What is expected:
Transcribe the records below from the first line to the line that includes "зависимости объема продукции", inclusive, and omit the pictures.
——
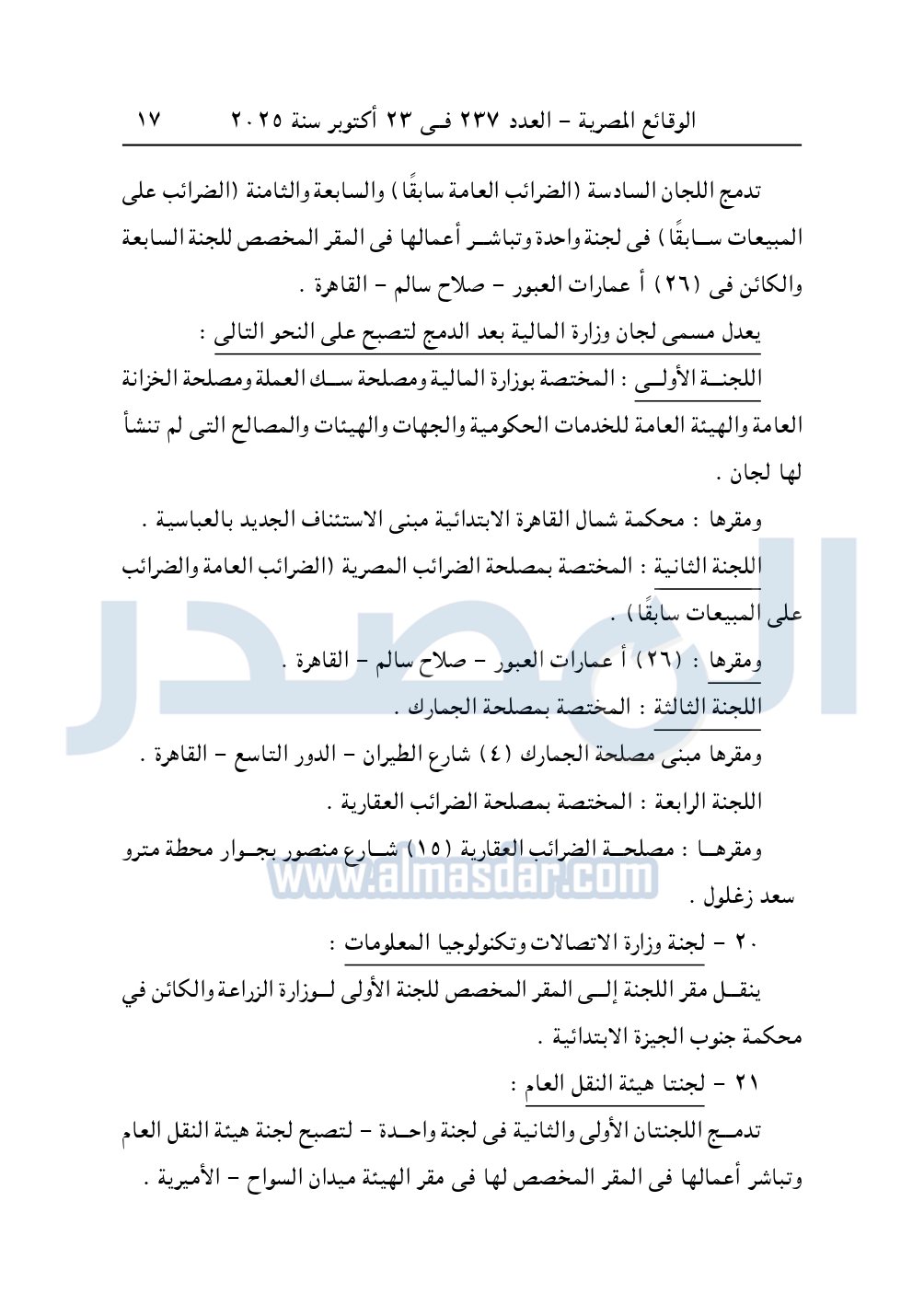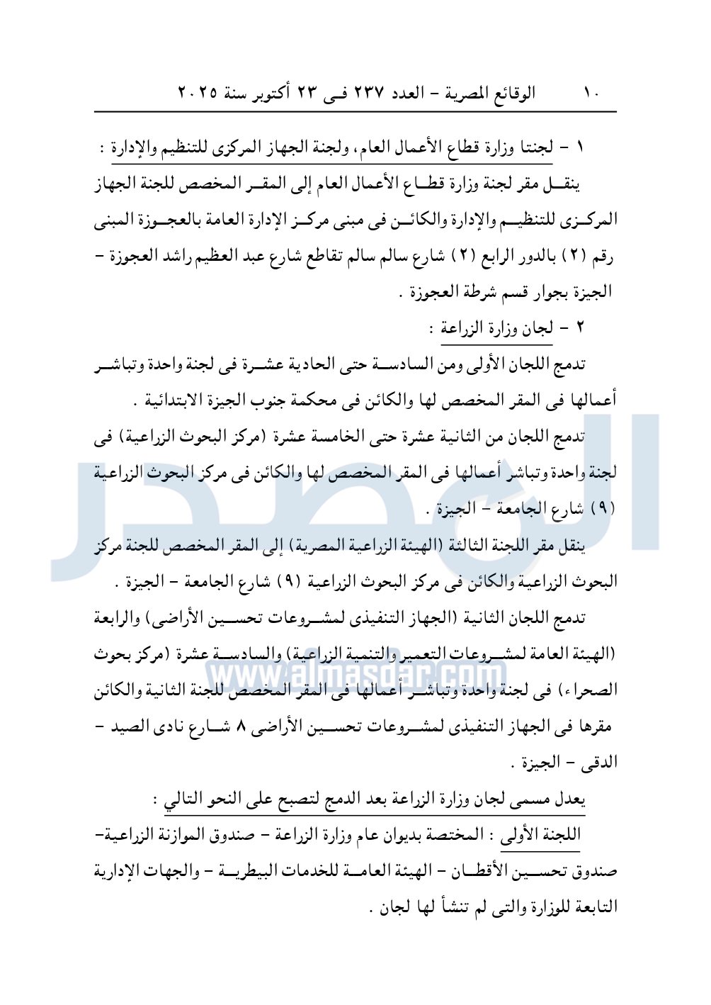 تدمج اللجان الثانية "الجهاز التنفيذى لمشروعات تحسين الأراضي" والرابعة "الهيئة العامة لمشروعات التعمير والتنمية الزراعية والسادسة عشرة "مركز بحوث الصحراء" في لجنة واحدة وتباشر أعمالها في المقر المخصص للجنة الثانية والكائن مقرها في الجهاز التنفيذي لمشروعات تحسين الأراضى 8 شارع نادى الصيد . الدقى - الجيزة.
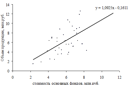 зависимости объема продукции от стоимости основных фондов вывели линейное
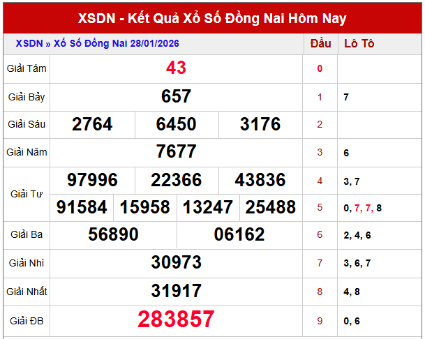 Toàn bộ nội dung dự đoán Xổ số Đồng Nai ngày 4 tháng 2 năm 2026 trên đây được XOSODAIVIET tổng hợp từ nguồn dữ liệu thực tế cùng các chỉ số thống kê đáng tin cậy. Mong rằng những thông tin này sẽ mang đến cho bạn thêm gợi ý hữu ích để tham khảo và lựa chọn con số may mắn trong kỳ quay tiếp theo.
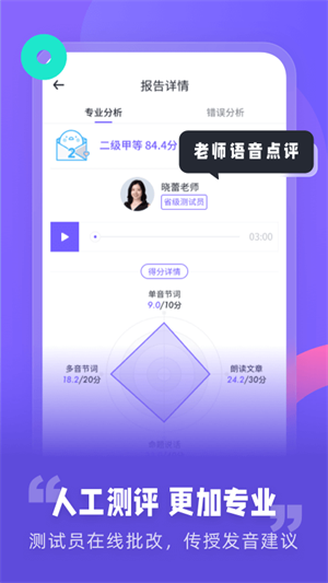 根据你的普通话等级量身定制了多维度评分方案,帮您查漏补缺,提高学习效率;
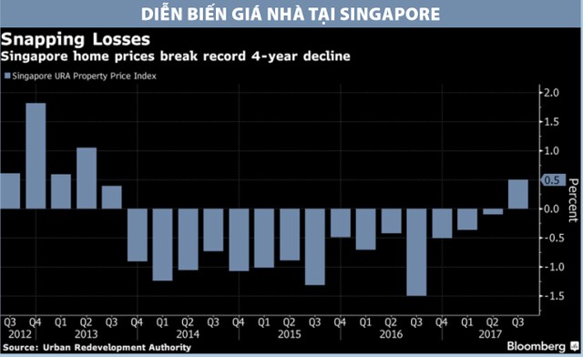 Việc giá nhà nhích nhẹ và các nhà phát triển bất động sản tích cực hơn trong hoạt động mua đất đã tạo nên kỳ vọng lạc quan rằng, thị trường bất động sản tại đảo quốc này đang hồi phục, mặc dù các biện pháp hạ nhiệt thị trường liên tiếp được ban hành kể từ năm 2009 vẫn đang còn hiệu lực. Trước khi tăng vào quý III/2017, giá nhà tại đây đã giảm 15 quý liên tiếp, lập kỷ lục chuỗi giảm dài nhất kể từ khi chỉ số này được công bố vào năm 1975.
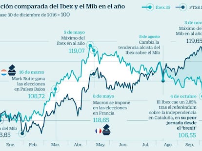 La rentabilidad del bonos español a diez años mantuvo un comportamiento estable a lo largo del mes y cerró por debajo del 1,5% (1,449%), que llegó a superar en plena oleada de la crisis catalana. La prima de riesgo, por su parte, concluye el mes por debajo de los 110 puntos básicos.
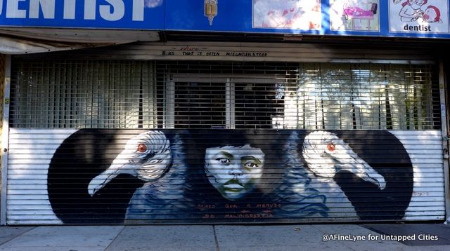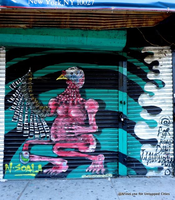 Above and below, the mural Wild Turkey painted by artist N. Soala, is based on a short story by Roald Dahl, named The Magic Finger recounting the effect we are having on our planet. The mural, located at 3629 Broadway, sits next door to the gallery that founded The Audubon Mural Project, Gitler & ___ Gallery.
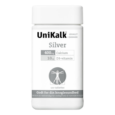 Silver-tabletterne fra UniKalk er til dig, som ønsker at supplere din daglige kost med både kalk og D-vitamin. Med et indhold på 10 µg D-vitamin pr. tablet er UniKalk Silver derfor med til at dække et øget behov for D-vitamin i forbindelse med kalk.
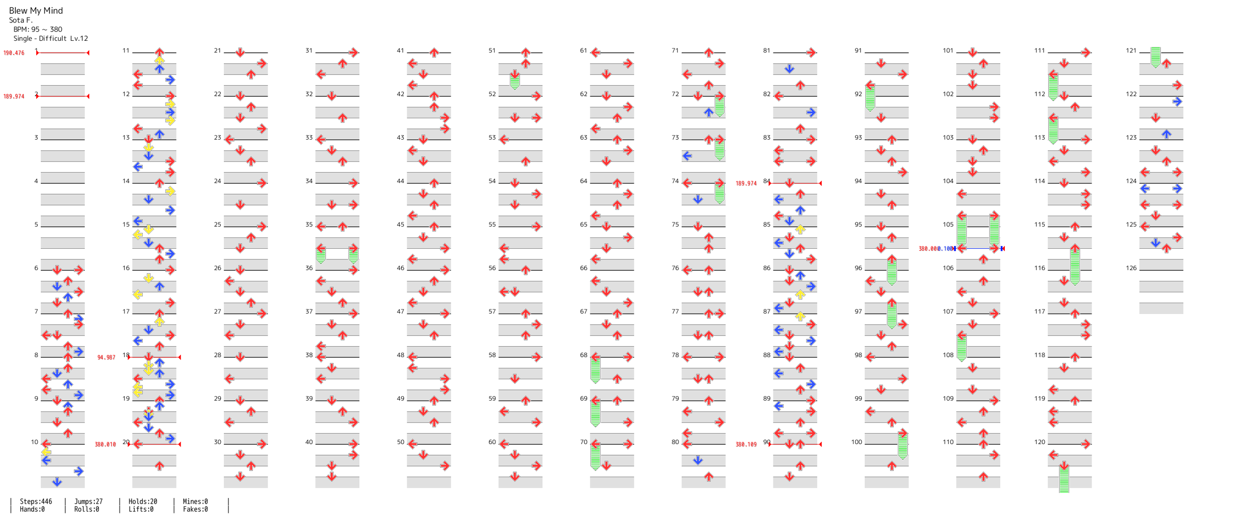 - 12としては速い縦連と捻りが厳しく交互踏みを目指すとスイッチや逆足も頻発してかなり難解。リズム難+ソフランによる見切りづらさも相まってVOL115だが足龍の課題曲としては向いていない。これに挑戦するレベル帯ならば踊プリンや激ロンドンAを詰めたほうが早いと思われる。
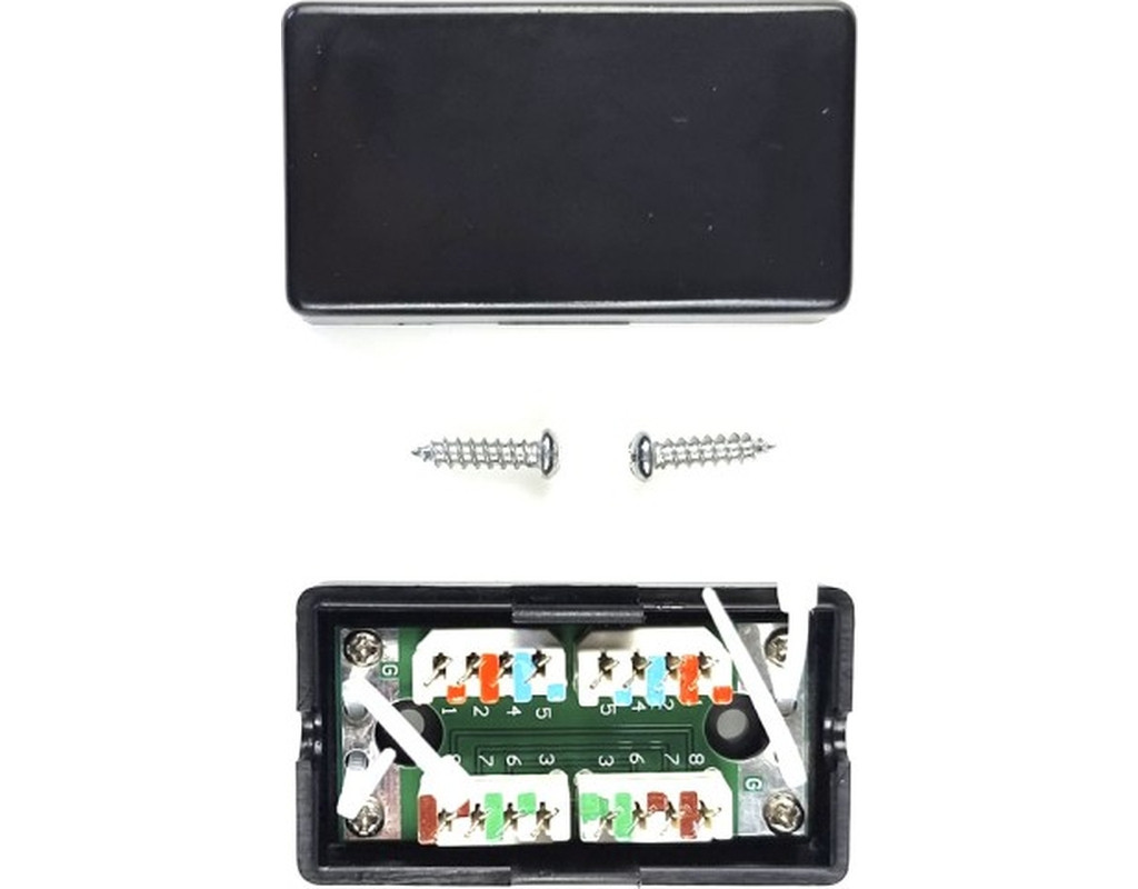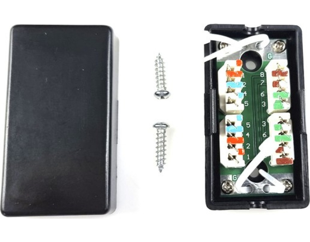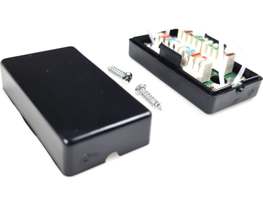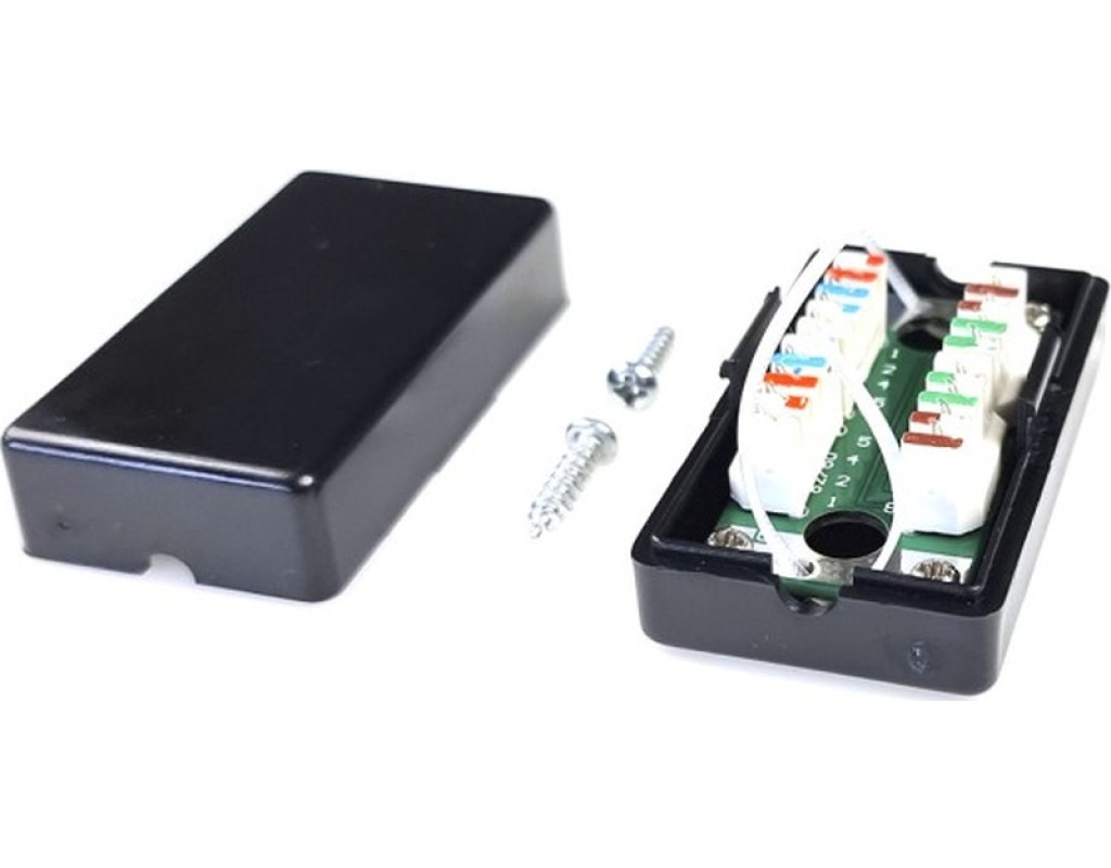 З'єднувальна розетка служить для з'єднання з мінімальним загасанням сигналу мідного кабелю категорії 5е. Являє собою пластмасову розбірну коробочку, всередині знаходяться місця для жил кабелів під «забивання». Кришка кріпиться на засувках. |
——
Your solution:
 تدمج اللجان الثانية "الجهاز التنفيذى لمشروعات تحسين الأراضي" والرابعة "الهيئة العامة لمشروعات التعمير والتنمية الزراعية والسادسة عشرة "مركز بحوث الصحراء" في لجنة واحدة وتباشر أعمالها في المقر المخصص للجنة الثانية والكائن مقرها في الجهاز التنفيذي لمشروعات تحسين الأراضى 8 شارع نادى الصيد . الدقى - الجيزة.
 зависимости объема продукции от стоимости основных фондов вывели линейное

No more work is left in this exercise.